Strava allows downloading all of your data as a zip archive (see bulk export). This includes all GPS recordings of your activities in GPX format. I maintain a large file of tracks for Google Earth. I find it satisfying to have a growing web of tracks from my human powered adventures covering the Alps. Google Earth's native format is KML. Google Earth is smart enough to import GPX files, but it pops up a dialog box for each one of them. This quickly becomes annoying if you import hundreds at once. It also doesn't quite import them the way I want (wrong track labels; color and width). Finally it preserves the timestamps for each GPS location. This sounds like a good feature, but since I find Earth's time controls cumbersome and annoying, I actually prefer simple polylines to timestamped tracks. There are a few online services that convert one format to another, but I found them all lacking in one way or another. So I decided to write my own conversion utility.

I have spent the last 10 years writing C++ mostly within Google's internal ecosystem. So I took this as an opportunity to see how the development experience has changed in the outside world in the meantime. A few random observations:

  • Working in a mono-repo of ~2Billion lines of code is really nice. A single unified build system; homogenous API design (e.g. widespread use of std::string_view) and reduced redundancy.
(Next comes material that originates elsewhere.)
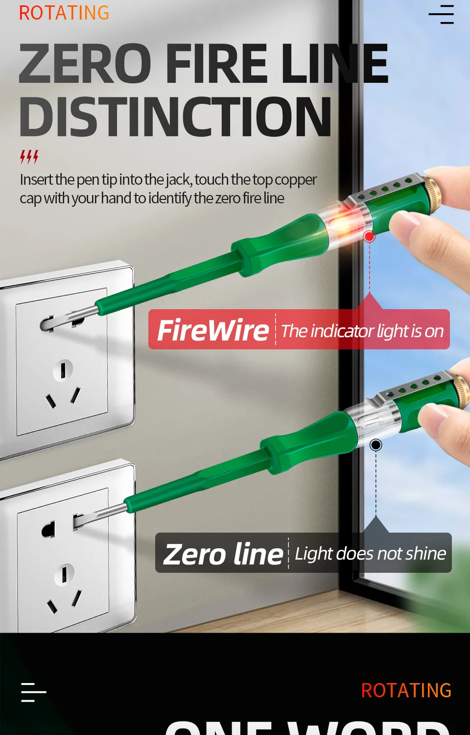 (2) Product Introduction: Insert the pen tip into the jack,touch the top copper cap with your hand to identify thezero fire line – Live wire indicator light – Zero line light does not glow

  • For this project I chose to use boost and TinyXML2. Boost is a mixed bag with some libraries in it going well overboard with their template trickery. But overall I think it's still a solid collection. I remember build times of an hour or more. My new rig rips through a full rebuild in a few minutes. TinyXML is exactly what it says on the label: small and easy to use.
  • I squeezed the entire project into a few hours of a single day between baby sitting quarantined kids. So don't expect production quality.
  • Before getting a fully working run, I solved three noteworthy bugs: my first attempt swapped latitude and longitude, so all my tracks showed up somewhere in Africa. The second attempt ditched some floating point precision, so tracks showed up jaggy. Turns out you need 7 digits of precision after the decimal point. Being able to debug these issues visually on Google Earth was super valuable. A single glance immediately gave away what the problem was. I think I'll try and remember this for other debugging sessions - visualization tools are super valuable! The third and final bug was Windows' crazy UTF handling. I use some sanitized UTF-8 data from the input GPX file as the output filename. Windows file APIs are either ASCII or some weird UTF16 dialect. Thus non-ASCII characters would lead to garbled filenames. Luckily boost released the NoWide library just in the nick of time (today in fact). This works around the problem nicely.
  • I have come to appreciate Google's return value (util::Status) based error handling strategy over exception handling.
  • I wonder what an XSLT based solution might look like? From the label it seems like this would be an appropriate fit. But since it is enterprise-y technology, I kind of shudder to imagine what the experience will be. Maybe I should give it a go?
  • Using boost::asio::io_service as a thread queue was surprisingly easy to set up and seems to work extremely well.